For most people, technology is a haunted house riddled with unpleasant surprises. With no agency, they are at the mercy of other people's bad ideas that keep changing. Everything needs to be updated because everything else needs to be updated, because everything needs to be updated. Duh!
Software updates! Guess what! Here's a new UI for ya. We moved all the stuff! It's like someone threw you a surprise birthday party, but not on your birthday, on their birthday, and their idea of the best gift evar is to hire an interior designer (for free! lucky you!) who completely rearranges your house inside and out and springs it on you after you return from the grocery store. And there's no going back.
At first it was exciting--when I was 15--then it's slightly bothersome, then downright annoying, then it's infuriating, then it's just tiring. Your brain learns that there is no point in learning anything anymore because they're just going to scramble it again anyway. Learned helplessness. People age out, ended up feeling old and useless and jaded because their skillset is completely inapplicable, after just a few years.

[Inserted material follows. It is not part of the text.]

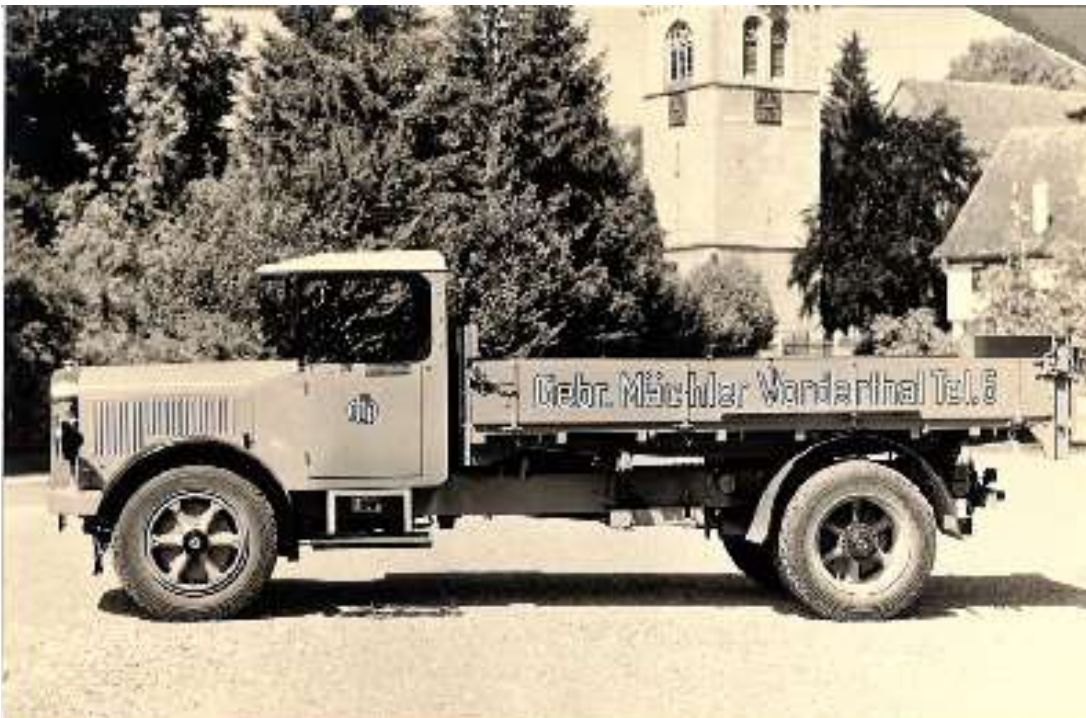
<<Lastwagen Saurer BLD mit Kippbrücke – Abholung bei Saurer am Ufer des Bodensee in Arbon>>

1931 Tod des Firmengründers Melchior Mächler, «Fuermä-Melk»

I logged into Mailchimp yesterday and found that they moved the header navigation to the left side.
Instead of the previous menu option words like Campaigns or Audience there were icons signifying each that I had to hover over to figure out what they might mean. Then when I went to my Reports the css breakpoints seemed to be wonky making that screen hard to read and use.
Half-jokingly It almost feels like constantly confusing people is a trick to boost engagement temporarily while people are forced to figure things out.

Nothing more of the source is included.